Obliq's syntax is very similar to Modula-3, the biggest difference being that Obliq has no need of explicit typed variables (i.e., a variable can hold any data type allowed by the type checker and if does not accepts one, i.e., a given expression execution error will display) although explicit type declarations are allowed and ignored by the interpreter. The basic data types in the language include booleans, integers, reals, characters, strings, and arrays. Obliq supports the usual set of sequential control structures (conditional, iteration, and exception handling forms), and special control forms for concurrency (mutexes and guarded statements).

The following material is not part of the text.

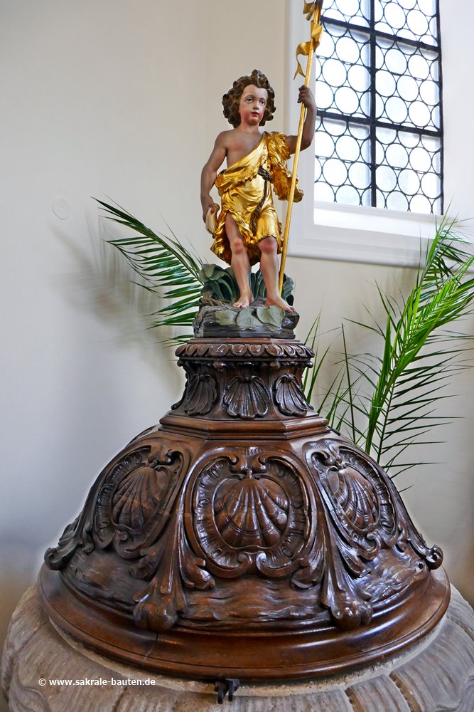 Die zweite von links ist der heilige Johannes der Täufer, der mit der rechten Hand auf Jesus im Tabernakel weist.
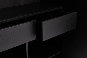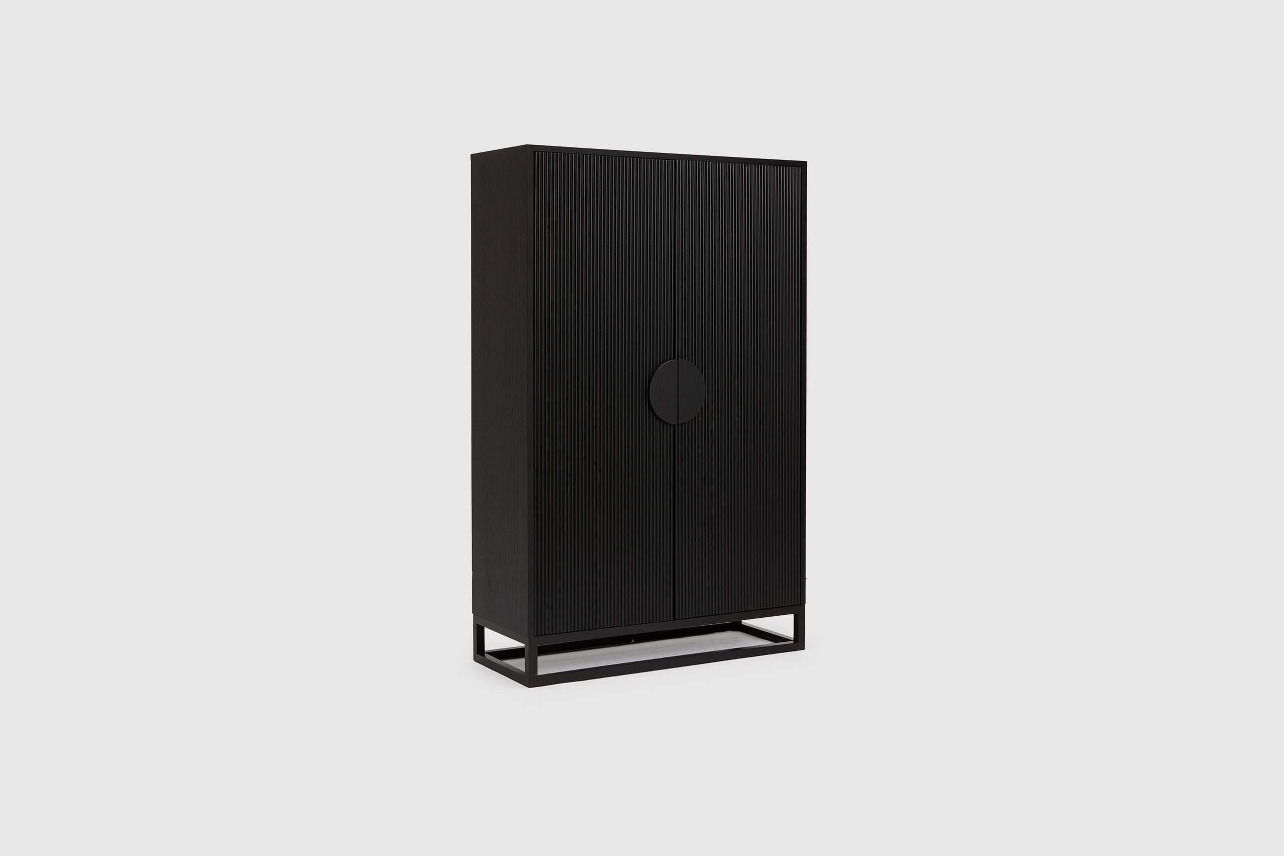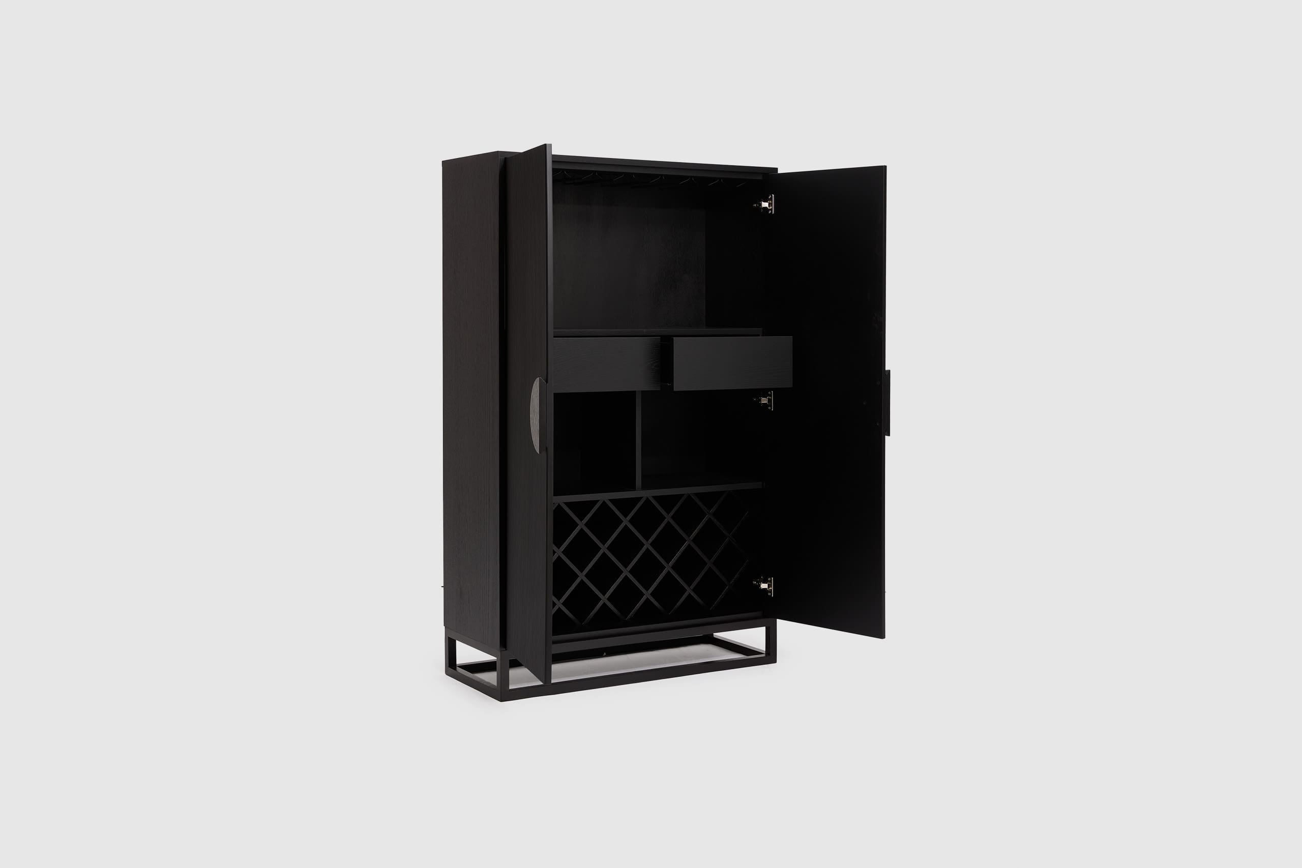 Boasting a sleek design, our Artie bar cabinet is sure to be the anchor of any home. Two doors with semi circle handle designs present subtle curved lines to the design, while the vertical wood slatted panels ensures this unit is an undeniable staple which elevates your space. The wide and generous size offers ample display and storage space. Full range includes matching buffet, console, coffee table and dining table.

Further, Obliq's objects can be cloned and safely copied remotely by any machine in a distributed network object and it can be done safely and transparently.

Obliq's large standard library provides strong support for mathematical operations, input/output (I/O), persistence, thread control, graphics, and animation. Distributed computing is object-based: objects hold a state, which is local to one process. Scope of objects and other variables is purely lexical. Objects can call methods of other objects, even if those objects are on another machine on the network. Obliq objects are simply collections of named fields (similar to slots in Self and Smalltalk), and support inheritance by delegation (like Self).

The common uses of Obliq involve programming over networks, 3D animation, and distributed computing, as occurs over a local area network (LAN) such as Ethernet. Obliq is included free with the Digital Equipment Corporation (DEC) Modula-3 distribution, but other free versions exist elsewhere including precompiled binaries for several operating systems.

==Projects using Obliq==
- The Collaborative Active Textbooks (CAT) developed using Obliq applets and the Zeus algorithm animation System (written in Modula-3).
- Obliq applets (Oblets) special web browser (written in Modula-3) Obliq web page embedded applications.